DIRECTIONS FOR THIS TASK: All of the data below should be printed again word for word, pictures excluded.

MATERIAL TO PROCESS Start Marker

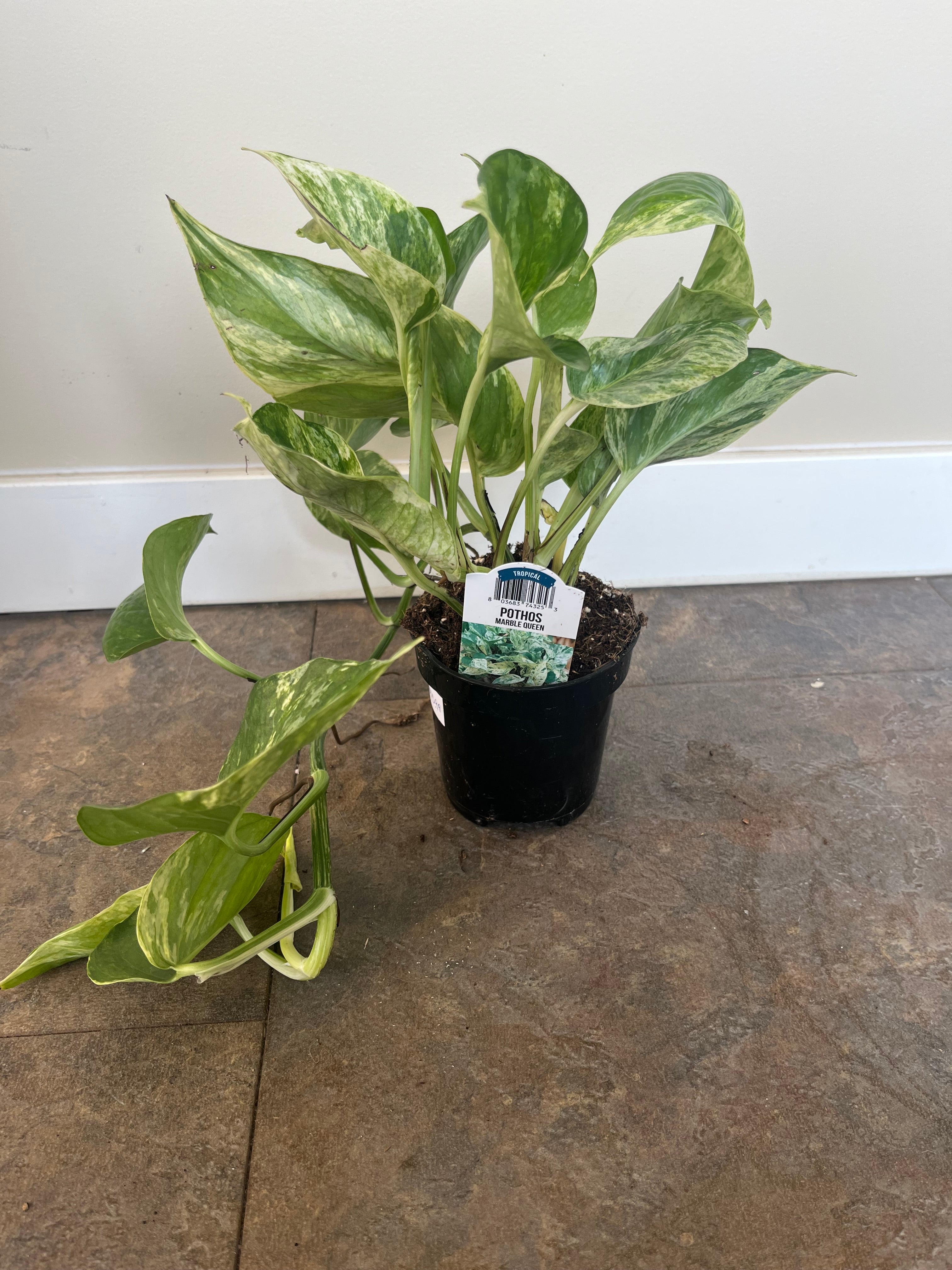 To care for a Marble Queen Pothos, provide bright, indirect light to maintain its variegation, and water when the top inch of soil feels dry to prevent root rot. Use a well-draining potting mix, maintain average home temperatures (60-85°F or 15-29°C), and provide high humidity if possible. Fertilize monthly during spring and summer, prune as needed for fuller growth, and be aware that it's toxic to pet
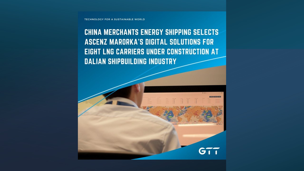 Paris, 13 May 2025 - GTT and its Smart Shipping[1] arm, Ascenz Marorka, announce that China Merchants Energy Shipping (CMES) has selected Ascenz Marorka’s digital solutions for a series of eight 175,000 m³ LNG[2] carriers, currently under construction at Dalian Shipbuilding Industry Co. (DSIC) in China.
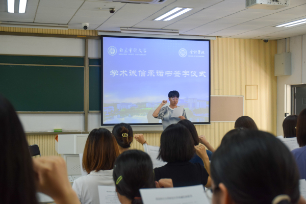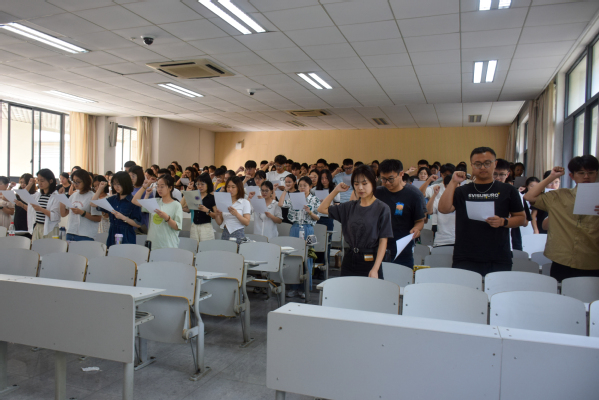 在学术诚信承诺书签字仪式上,研究生新生代表汪皓宇带领全体2023级研究生新生宣誓:增强学术素养,坚守学术底线;树立诚信品质,遵守学术规范;崇尚科学精神,维护学术尊严;恪守学术道德,抵制学术不端。
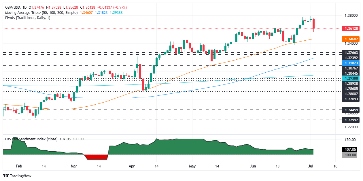 The Pound Sterling (GBP) corrects to near 1.3700 against the US Dollar (USD) during the European trading session on Wednesday from the fresh three-and-a-half-year high around 1.3800 posted the previous day. The GBP/USD pair faces selling pressure as the United States (US) currency gains ground, following upbeat JOLTS Job Openings data for May. Read More...
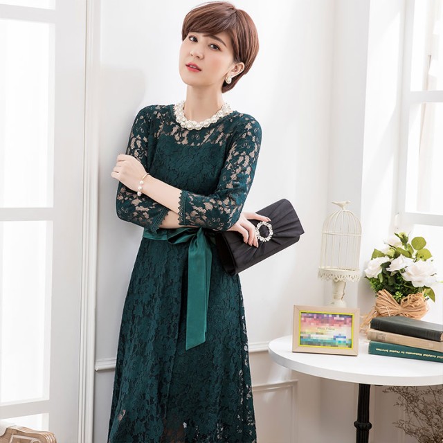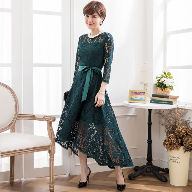 贅沢にあしらわれたコードレースとフィッシュテールの上品な揺れ感が歩く姿を美しく彩るミモレ丈ワンピースです。首周り・袖・裾にはケミカルレースが施され、華やかな印象にしてくれます。フィッシュテールのレイヤードスカートで脚を優雅に見せてくれます。
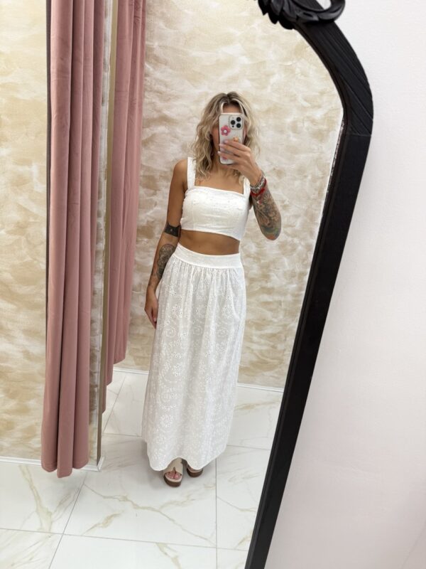 A romantic white broderie anglaise co-ord 🤍 featuring a cropped square-neck top and flowing maxi skirt. The Isla Set is the ultimate summer statement. One Size fits most.

MATERIAL TO PROCESS End Marker

FINISHED TASK:
 To care for a Marble Queen Pothos, provide bright, indirect light to maintain its variegation, and water when the top inch of soil feels dry to prevent root rot. Use a well-draining potting mix, maintain average home temperatures (60-85°F or 15-29°C), and provide high humidity if possible. Fertilize monthly during spring and summer, prune as needed for fuller growth, and be aware that it's toxic to pet
 Paris, 13 May 2025 - GTT and its Smart Shipping[1] arm, Ascenz Marorka, announce that China Merchants Energy Shipping (CMES) has selected Ascenz Marorka’s digital solutions for a series of eight 175,000 m³ LNG[2] carriers, currently under construction at Dalian Shipbuilding Industry Co. (DSIC) in China.
 在学术诚信承诺书签字仪式上,研究生新生代表汪皓宇带领全体2023级研究生新生宣誓:增强学术素养,坚守学术底线;树立诚信品质,遵守学术规范;崇尚科学精神,维护学术尊严;恪守学术道德,抵制学术不端。
 The Pound Sterling (GBP) corrects to near 1.3700 against the US Dollar (USD) during the European trading session on Wednesday from the fresh three-and-a-half-year high around 1.3800 posted the previous day. The GBP/USD pair faces selling pressure as the United States (US) currency gains ground, following upbeat JOLTS Job Openings data for May. Read More...
 贅沢にあしらわれたコードレースとフィッシュテールの上品な揺れ感が歩く姿を美しく彩るミモレ丈ワンピースです。首周り・袖・裾にはケミカルレースが施され、華やかな印象にしてくれます。フィッシュテールのレイヤードスカートで脚を優雅に見せてくれます。
 A romantic white broderie anglaise co-ord 🤍 featuring a cropped square-neck top and flowing maxi skirt. The Isla Set is the ultimate summer statement. One Size fits most.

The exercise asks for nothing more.